Security is all about layers. Just relying on single DMZ technology (or any technology) for security is going to be problematic. No two networks are the same and so are there security requirements?
If you place your LB in the DMZ, then what ever is providing your DMZ will also have to bear this load. What is your DMZ doing? packet filtering, l7 inspection, IDS etc etc, or all of those?
What are you trying to protect? and what are you trying to protect it from? What are you
traffic loads? If your maxing out a gigabit link, then you'll need lots of extra infrastructure to deal with that traffic. This infrastructure with have to be fault tolerant.
Why not harden you operating system, apply the correct host based firewall rules, and some basic filtering on your edge router.
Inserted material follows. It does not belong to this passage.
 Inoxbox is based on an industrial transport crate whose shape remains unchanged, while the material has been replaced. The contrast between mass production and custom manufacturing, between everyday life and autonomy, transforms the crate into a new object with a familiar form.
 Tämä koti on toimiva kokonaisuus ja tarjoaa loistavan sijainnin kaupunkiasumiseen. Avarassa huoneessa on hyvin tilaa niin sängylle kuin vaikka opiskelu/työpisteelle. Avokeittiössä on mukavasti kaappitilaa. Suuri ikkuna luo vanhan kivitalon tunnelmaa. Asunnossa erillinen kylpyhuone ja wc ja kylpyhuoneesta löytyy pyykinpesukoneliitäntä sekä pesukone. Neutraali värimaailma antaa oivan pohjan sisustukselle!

Stateful firewalls have limits too, and it's another piece of infrastructure to load balance , monitor and maintain. (and potentially have security problems).
Security is a process. Just implementing a dmz won't really fix anything unless you actually know what your trying to protect and why.
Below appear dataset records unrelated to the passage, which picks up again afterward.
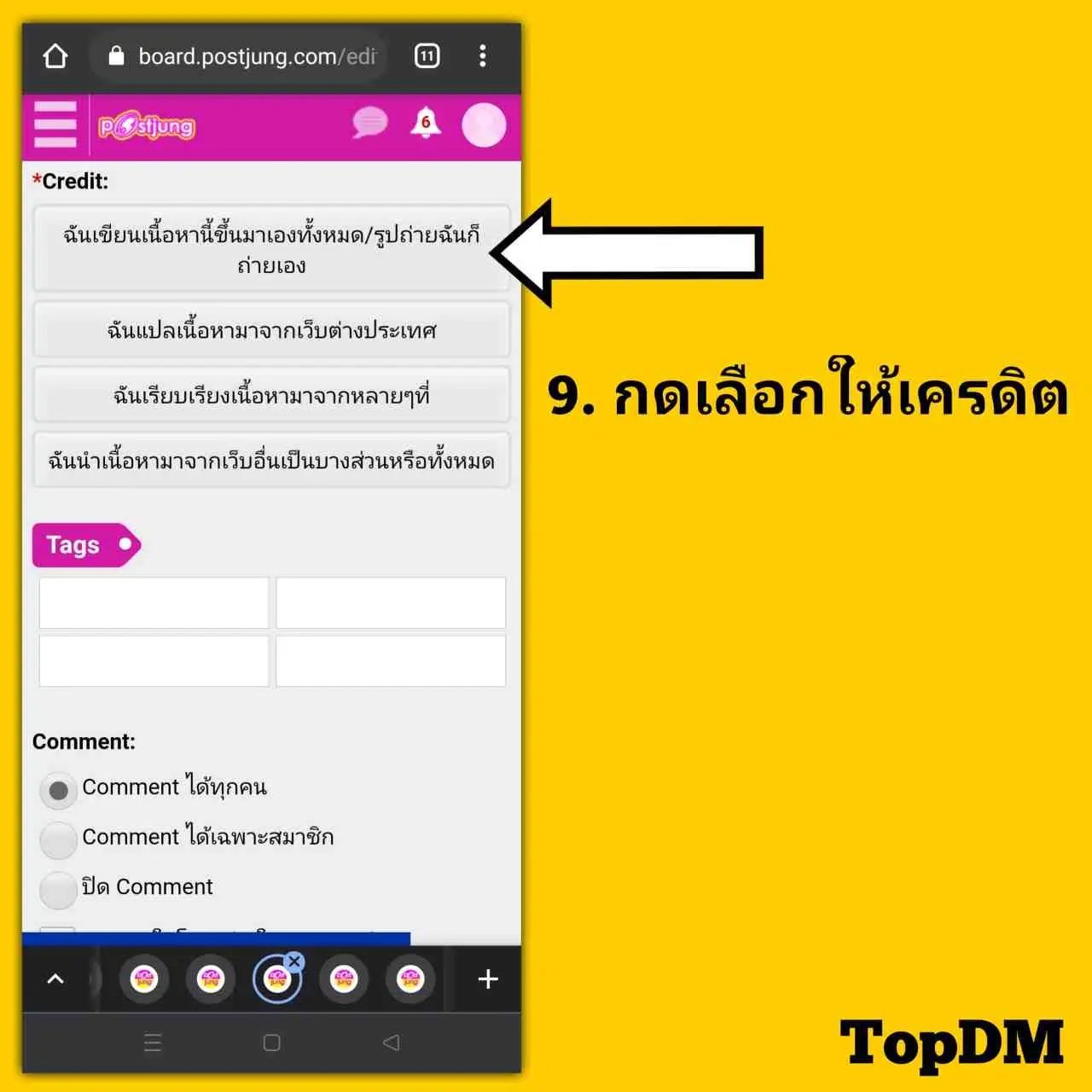 ในขั้นตอนนี้ เมื่อเราเขียนบทความ แทรกรูปเสร็จเรียบร้อย ให้มากดเลือกให้เครดิตฮะ
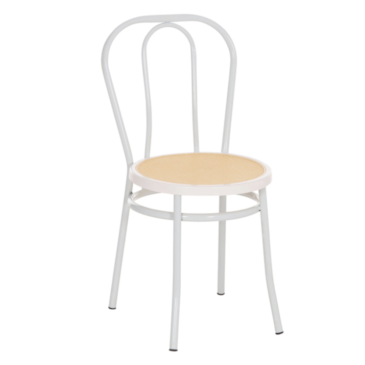 Καρέκλα τραπεζαρίας τύπου Βιέννης, με μεταλλικό σκελετό και κάθισμα από πλαστική ψάθα.
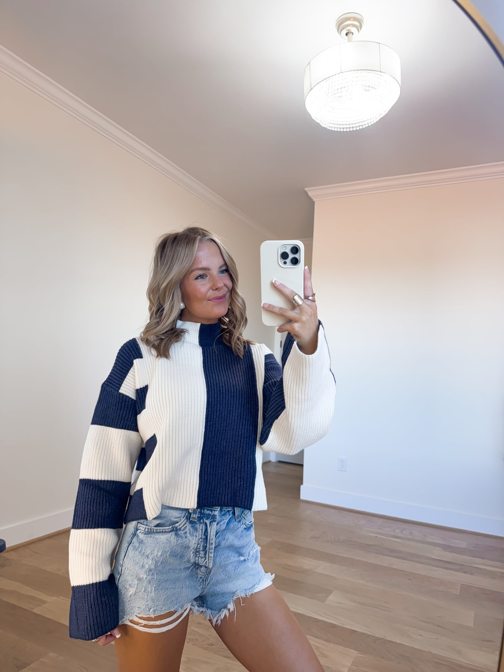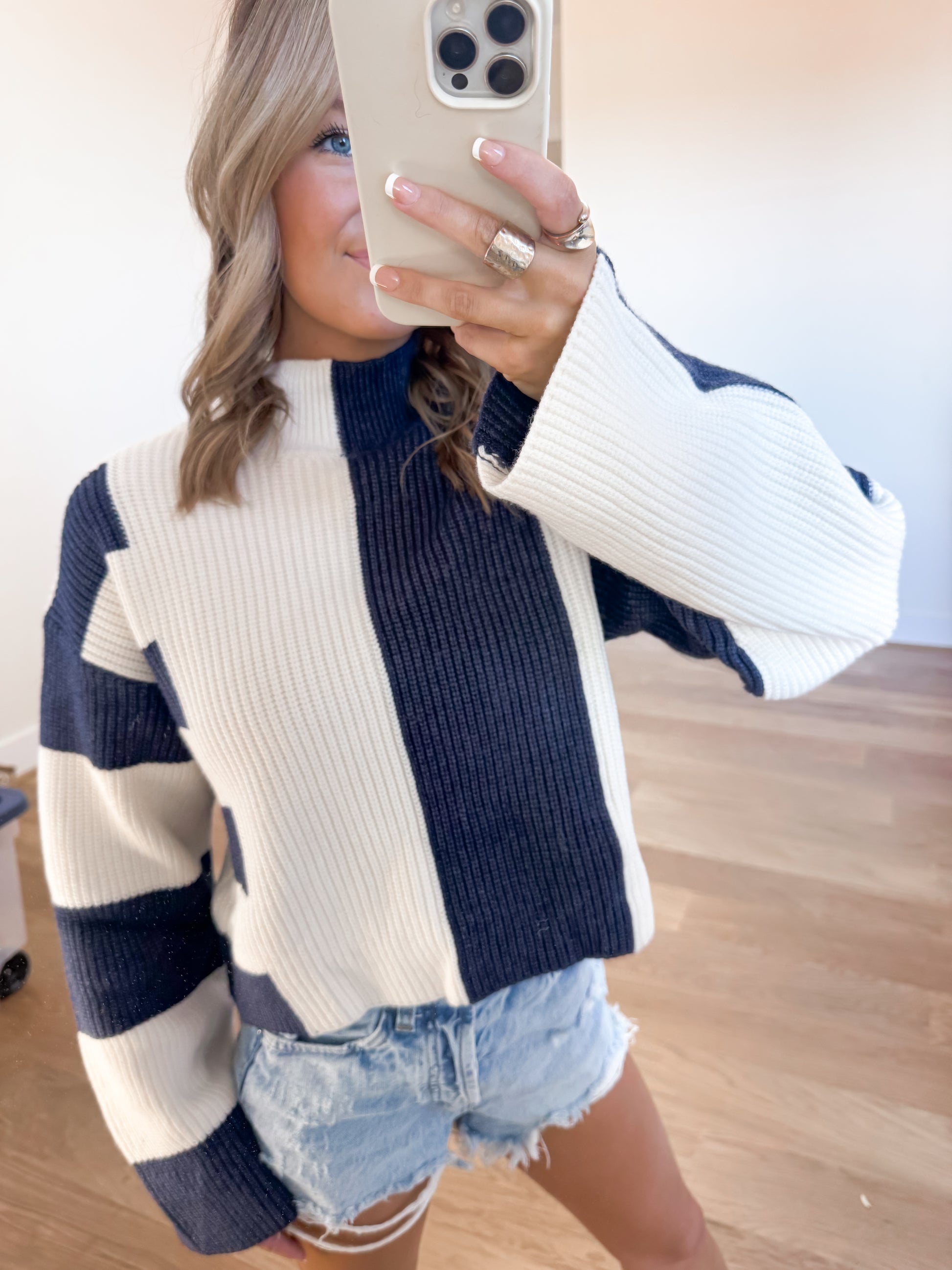 Color Block Mock Turtleneck Sweater

You can keep adding layers, but your adding complexity, reducing complexity is sometime more secure, so it's a real trade off.
I've seen many networks with a plethora expensive network security devices and programs, and when you ask if they take regular offline database backups, they come up blank.
This answer probably posed more questions than answers, but it's an short question with a very long answer.
Any one who responds with 'just install a firewall' , probably shouldn't be answering it all!